Para quem quer saber um pouquinho mais sobre Bergman, aí vai o texto que fiz na semana da morte dele:
O poeta da dúvida.
Ingmar Bergman, o diretor que fez o cinema se impor como uma forma de pensamento e de poesia.
Ingmar Bergman já tinha uma dúzia de filmes lançados na Suécia quando, em 1957, se projetou de forma meteórica no panorama mundial. Nesse único ano, ele fez duas obras-primas do cinema. Em O Sétimo Selo, um cavaleiro interpretado por Max von Sydow volta das Cruzadas e encontra sua terra tomada pelo desespero e pela Peste Negra. Abordado pela Morte, ele tenta postergar o momento inevitável por meio de um jogo de xadrez com a figura encapuzada – e ganhar tempo para encontrar, sem grande sucesso, provas de que os homens merecem viver. O Sétimo Selo mesmerizou platéias em todo o mundo e anunciou um novo cinema, ambientado nas paisagens mais desoladas da alma. Poucos meses depois, Bergman lançou Morangos Silvestres, no qual um velho professor envereda pelas trilhas de sua memória – que, novamente, o conduzem sempre para mais perto da morte. O diretor tinha então apenas 39 anos. Mas é seguro dizer que, até seu duplo feito, a angústia do fim nunca havia sido tratada pelo cinema de forma tão decisiva e incisiva. O cineasta, porém, ainda teria muito a dizer a esse respeito – uma meia centena de filmes, mais inúmeras produções para a televisão e para o teatro. Nas duas últimas décadas, afastado da câmera, Bergman vira sua influência retroceder e, aos poucos, se dissipar. Na manhã da segunda-feira passada, contudo, ela subitamente recuperou sua nitidez. Ingmar Bergman, que completara 89 anos em 14 de julho, morreu durante o sono, em seu refúgio na ilha báltica de Faro – e levou consigo a hipótese de um cinema que escape às convenções de gênero e possa se impor como uma forma de pensamento e de poesia.

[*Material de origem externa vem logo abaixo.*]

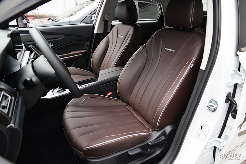 EU7的座椅材量齐系均采纳了皮量里料,分歧的是,图外的低配车型为人制皮革,纹路较为简略。而下配车型则使用了材量以及脚感更超卓的实皮里料,其纹路更具奢华感。 另中,下配车型借设置了前排座椅添暖和座椅透风罪能。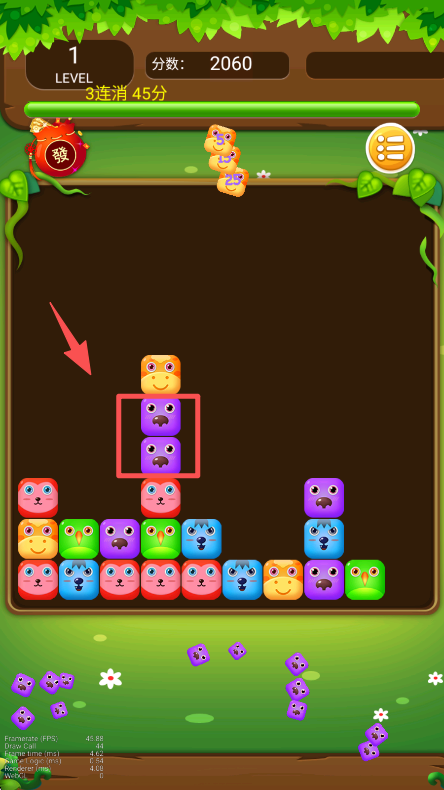 1、找到界面中同图案的方块,如图中紫色方块,拖动连接完成消除来积累分数。

A ascensão de Bergman deu-se no fim dos anos 50, quando o cinema de autor, representado por nomes do porte de Federico Fellini e Michelangelo Antonioni, se revelara a grande força criativa da época. Sua obra, contudo, tinha um forte cunho religioso, além de uma severidade que contrastava vivamente com boa parte da produção do período. Bergman tinha uma ligação profunda com a tradição cinematográfica escandinava, que fez dos encontros entre luz e escuro, e entre terra e mar, tão dominantes em sua paisagem, também o seu principal espaço psicológico. Auxiliado por seu diretor de fotografia, Sven Nykvist (morto no ano passado), Bergman esquadrinhou esse espaço como ninguém antes ou depois dele. Na sua primeira fase, da qual a figura alongada e os traços austeros de Max von Sydow foram o maior emblema, Bergman tratou principalmente do vazio que se interpõe entre o homem e Deus. A esse momento é que pertencem O Sétimo Selo e Morangos Silvestres. Sua segunda fase foi ainda mais brilhante. Depois de uma cirurgia, o diretor descobriu que havia perdido o medo da morte. Seu vazio, então, se transferiu para outro domínio: o das relações humanas. Von Sydow foi substituído por um ator de aparência mais terrena – Erland Josephson –, e a distância de que Bergman passou a tratar é aquela que homens e mulheres, pais e filhos ou irmãs e irmãos tentam vencer. O que só conseguem fazer, em geral, quando desejam se ferir.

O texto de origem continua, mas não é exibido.